Monitoring WAN latency with InfluxDB
This is a simple, ‘quick and dirty’ way to measure network latency over long periods of time. The only ‘complicated’ part is setting up InfluxDB, but I imagine that many folks already have it set up. To get started, check the official documentation.
Network latency will be measured with the good old ping
command, then formatted with generic Unix tools. Then, statistics are stored using the influxdb write
endpoint using the line protocol format. It’s a very simple and elegant API if you ask me.
Bash script
A simple bash script is created at /opt/pingmon.sh
#!/bin/bash
curl -i -XPOST "http://localhost:8086/write?db=netstats" \
--data-binary "ping,dest=cloudflare $(ping -c 1 1.1.1.1 | \
awk '/time=/{print $7}' | sed -e 's/time/rtt/g') $(date +%s%N)"
When run, this will output the InfluxDB line format:
ping,dest=cloudflare rtt=27.0 1607388217665469702
A few notes about the command:
- InfluxDB requires nanosecond timestamps, so the Unix epoch plus the nanosecond timestamp is output by
date +%s%N
- The field
time
is reserved and cannot be used as part of a measurement, so thesed
statement replaces ‘time’ with ‘rtt’
Cron job
Using cron, the script is run every minute.
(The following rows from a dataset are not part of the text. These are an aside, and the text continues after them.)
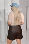 Виріб поєднує вигляд спідниці спереду та шорти ззаду. Передня частина виконана у вигляді асиметричної накладної деталі (імітація запаху), що перекриває класичні шорти .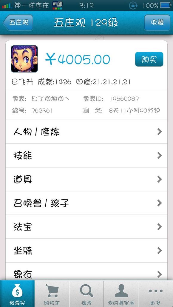 由于充钱藏宝阁延迟,导致我喜欢的一个方寸被别人秒了,很伤心,于是我买了另一个价钱一样但比方寸差很多的五庄。(慢慢看,亮点在最后哦)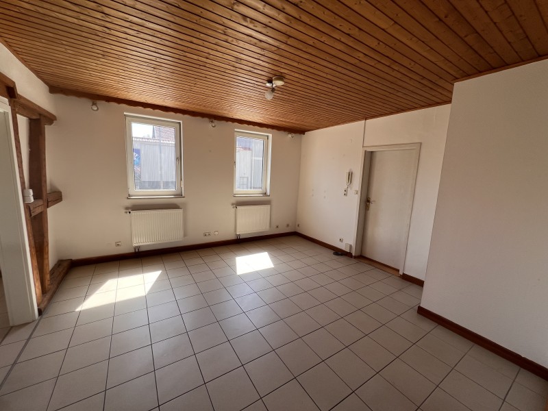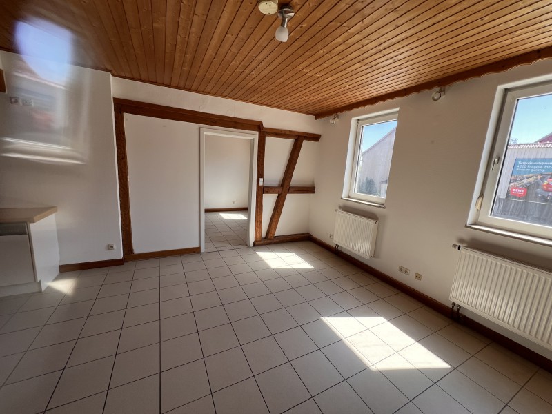 Diese helle und freundliche Wohnung wurde saniert. Sie besticht durch die offene, großzügige Bauweise. Besonderen Charme und Loft-Charakter erlangt sie durch freigelegte Fachwerkbalken. Der Steingutboden in Küche, Wohn- und Schlafzimmer ist besonders pflegeleicht und auch für Allergiker geeignet. Die Wohnküche bietet Platz für einen seperaten Esstisch. Das moderne Tageslichtbad mit Fenster verfügt über eine bodengleiche Dusche mit Glasabtrennung.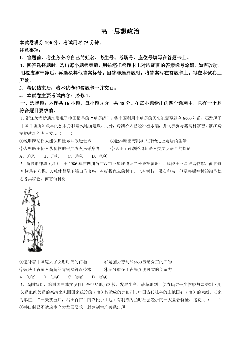 广东省湛江市2023-2024学年高一上学期期中考试政治

* * * * * nobody /opt/pingmon.sh
For security the script is run with absolutely no local access. If logging to a local file, it may be preferred to run as a local user instead.
More destinations
To better ‘map’ the internet, I can copy this line and change the ‘dest’ tag. For example, monitoring Google’s 8.8.8.8 ip:
curl -i -XPOST "http://localhost:8086/write?db=netstats" \
--data-binary "ping,dest=google $(ping -c 1 8.8.8.8 | \
awk '/time=/{print $7}' | sed -e 's/time/rtt/g') $(date +%s%N)"
Dashboard
Finally, using Grafana we can chart out these trends over time. Grafana is one of the simplest ways to view influxdb data, and can be installed very easily.